Summary: Part 3 in a series on worshiping the Lord.
Worship as a Buffet
February 19, 2017
I would like to read a passage of scripture. It comes from the first book in the Bible, the book of Genesis and is found in chapter 18. God has just established His covenant with Abraham and the people of Israel, and God told Abraham that at 100, he and Sarah, 90, would be parents. Abraham promptly laughed.
1And the LORD appeared to him by the oaks of Mamre, as he sat at the door of his tent in the heat of the day.
2He lifted up his eyes and looked, and behold, three men were standing in front of him. When he saw them, he ran from the tent door to meet them and bowed himself to the earth
3and said, "O Lord, if I have found favor in your sight, do not pass by your servant. 4Let a little water be brought, and wash your feet, and rest yourselves under the tree,
5while I bring a morsel of bread, that you may refresh yourselves, and after that you may pass on — since you have come to your servant." So they said, "Do as you have said."
6And Abraham went quickly into the tent to Sarah and said, "Quick! Get 7 quarts of fine flour! Knead it, and make cakes."
7And Abraham ran to the herd and took a calf, tender and good, and gave it to a young man, who prepared it quickly.
8Then he took curds and milk and the calf that he had prepared, and set it before them. And he stood by them under the tree while they ate.
I want to make a confession . . . I love buffets! There you have it. There aren’t many buffets I don’t like. And once you get started, it’s hard to stop. I mean, you’ve paid for it all and now comes the time to dig in. I remember when Debbie and I went on a cruise, and we went to the midnight buffet. Now, that was fantastic, feed your face, then go to sleep and do it again the next day. We did pretty good at not gorging ourselves, but to watch the people who piled heavy foods on their plates, ugh, it was disgusting . . . but it looked so good.
So, what does this have to do with anything?
This morning I want to look at how we approach a buffet, and hopefully, I’ll link buffet eating to worship feasting!
So, how do we approach a buffet? There are a few types of buffet eaters . . .
1. The picky eaters.
2. The I’m wearing blinders eaters.
3. The I know what I like, but tempt me, please.
4. The variety is the spice to life eaters.
Now, there’s really nothing wrong with any of these.

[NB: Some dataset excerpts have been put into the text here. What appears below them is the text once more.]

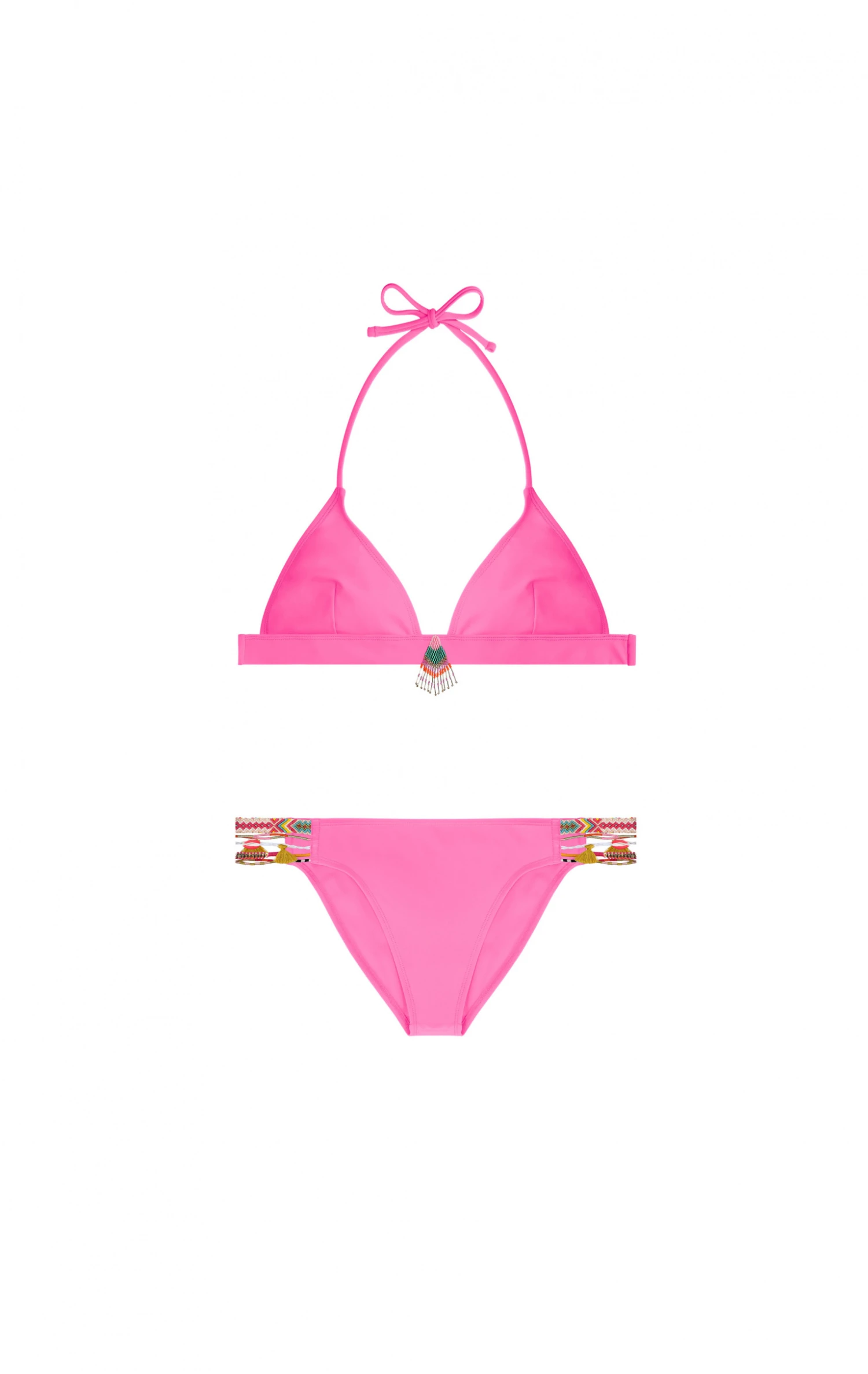 Un maillot de bain deux pièces forme triangle, élégant et sexy pour un été très chaud! Vous craquerez pour sa coupe esprit couture avec le détail raffiné des liens colorés ainsi que des perles, rappelant les bracelets brésiliens. La culotte est sexy et échancrée sur les fesses.
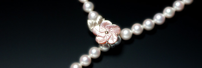 留花(RUKA)。小粋な花をモチーフにした、コーディネイトパールネックレスです。クラスプの位置をかえるだけで多彩なコーディネイトが手軽にお楽しみいただけます。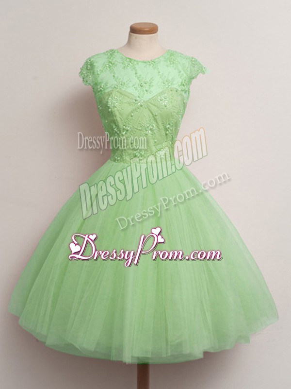 Neckline : Scoop Shown Color : Spring Green Silhouette : Ball Gowns Sleeve Length : cap sleeves Hemline : knee length Back Detail : Lace up Fabric : Tulle Embellishment : Lace Occasion : Prom,Party,Wedding Party Season : Spring,Summer,Fall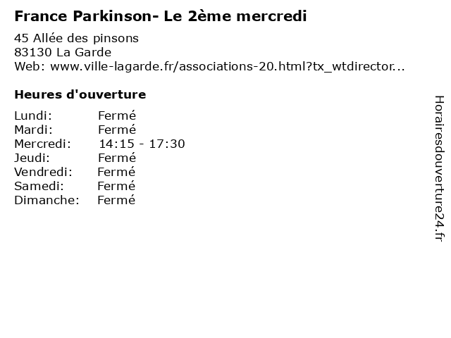 Termes de recherche pour France Parkinson- Le 2ème mercredi:le, services, france, mercredi, public, 2ème, parkinson |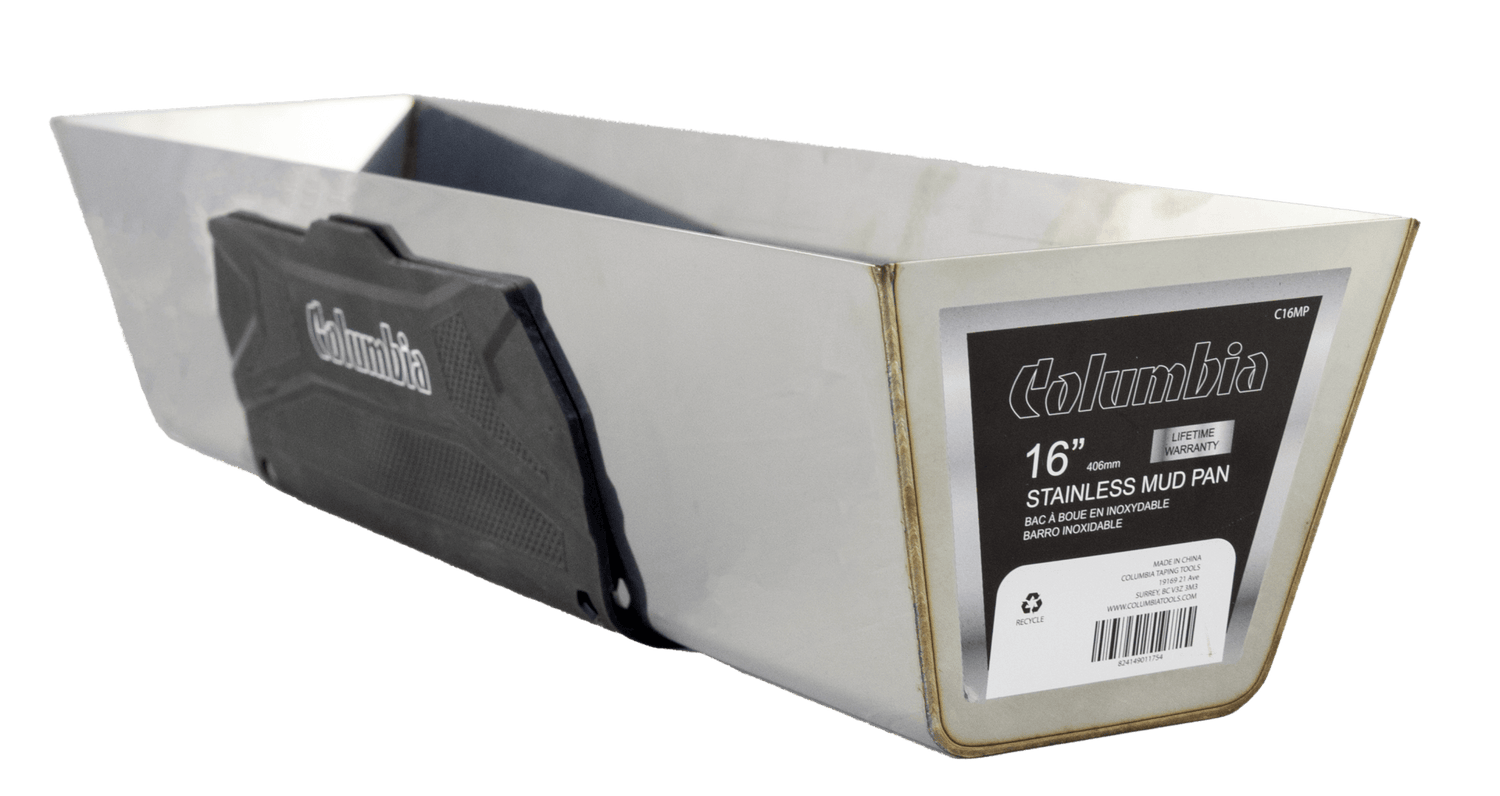 Columbia Tools has launched the Columbia Mud Pan—the first in our new line of premium hand tools, designed for professionals who demand durability, comfort, and performance Crafted from heavy-gauge stainless steel, this mud pan is built to withstand the toughest tasks, while its watertight, laser-welded seams ensure long-lasting reliability. With tapered ends and sides for a secure grip, this tool is ready to handle any job with ease. Plus, every Columbia Mud Pan comes with a free soft, non-slip rubber grip for enhanced comfort and ease of use.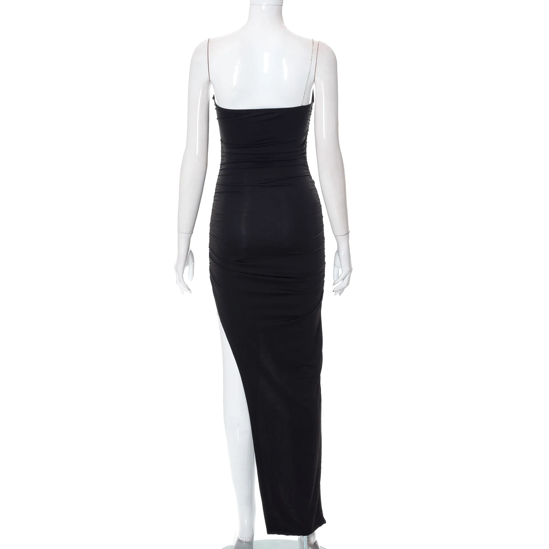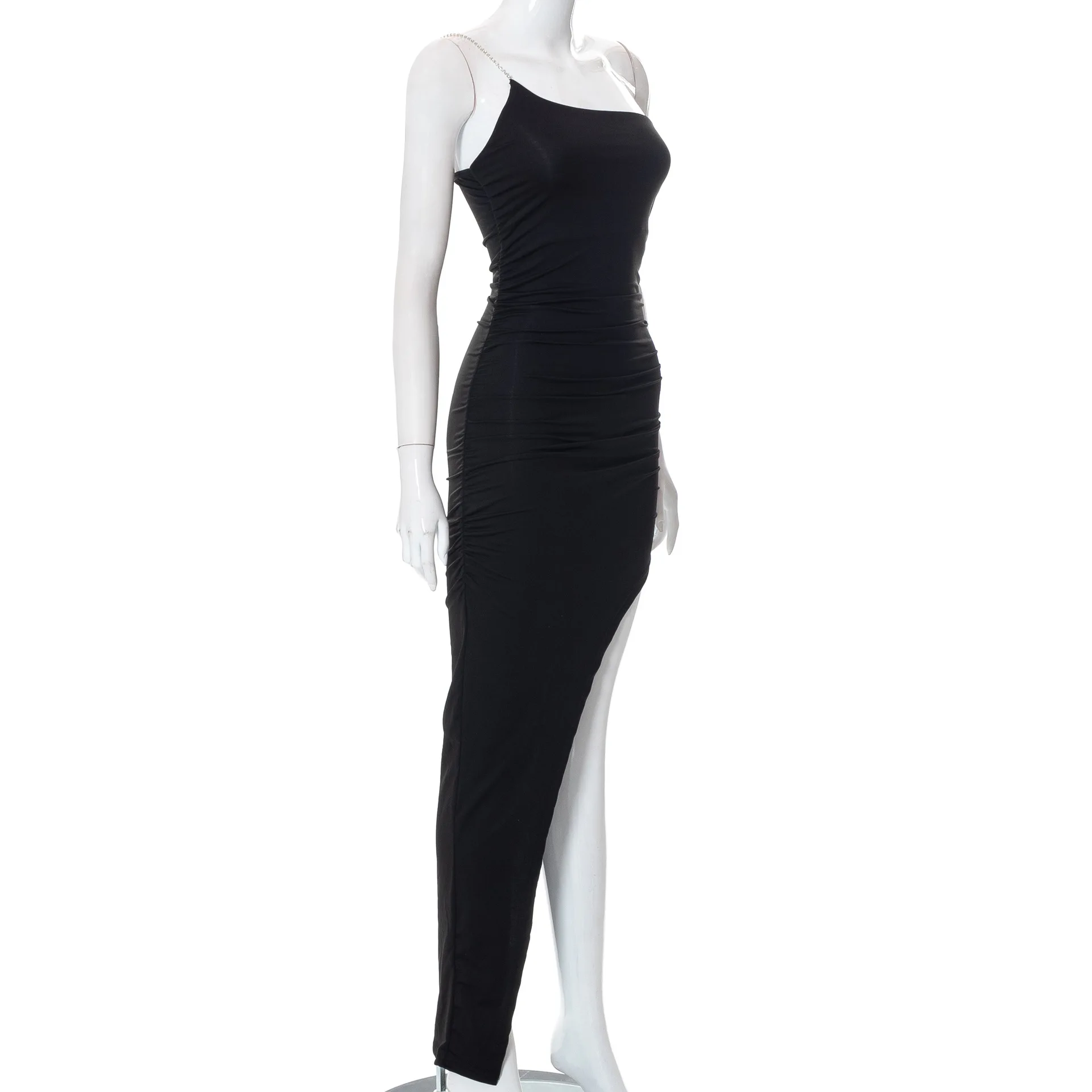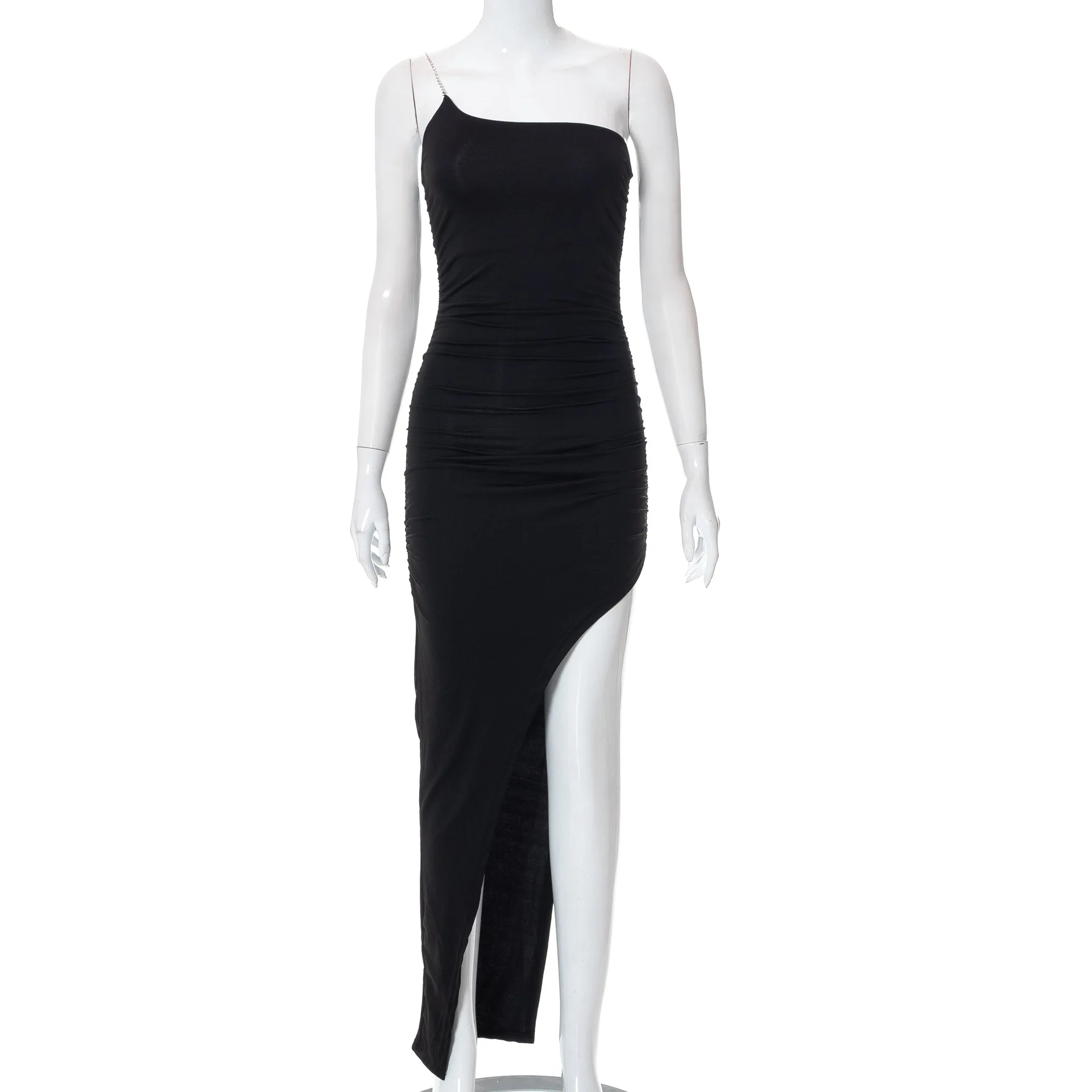 2022 Sexy One Shoulder Backless Maxi Dress Club Party Outfits for Women Summer Sleeveless Elegant Black Straps Prom Dresses

I’m not here to criticize your buffet eating habits. If you want to know, I fall into the 3rd and 4th categories.
Worship is kind of like a buffet table - - -
When we come to worship we have certain expectations. We expect certain types of music, we expect a sermon, prayer, an offering, announcements, maybe even a corny joke or story for good measure and hopefully someone to welcome and say hello to us. That’s kind of our buffet table.
There are the picky eaters. They’re the ones who are more critical of what’s going on. At the buffet, they’re critical that the food isn’t hot enough, or the restaurant is out of a certain food, or it’s too hot or cold inside. That list can go on . . . and it’s the same at worship.
Picky worshipers are looking for certain aspects and are the first to criticize. It’s like the old American Bandstand and rating a new song. They find reasons to be critical of whatever. It may be different every week, but the criticism is there.
Then there are the blinder eaters. They want only certain things. They don’t want to see other options. Just give me what I came for, get rid of everything else, and I’ll be really happy.
These folks come into worship the same way. They want to hear a certain song or style of song, if they don’t hear it, they’re upset, they’re looking only for certain aspects of the worship and don’t care if anything else works or not, because their greatest concern is themselves. If they’re satisfied, everyone else should be.
Then, there are those who like to eat the usual food, but they also want to get tempted with something that’s a little different.
They’re the same way with worship. Keep things as they are, keep the usual things the same, but periodically, tempt me with something new. Maybe a new song, or a new way to preach, or a new way to do communion. Do it tastefully, and even if I don’t like it, I’ll appreciate the effort and won’t criticize.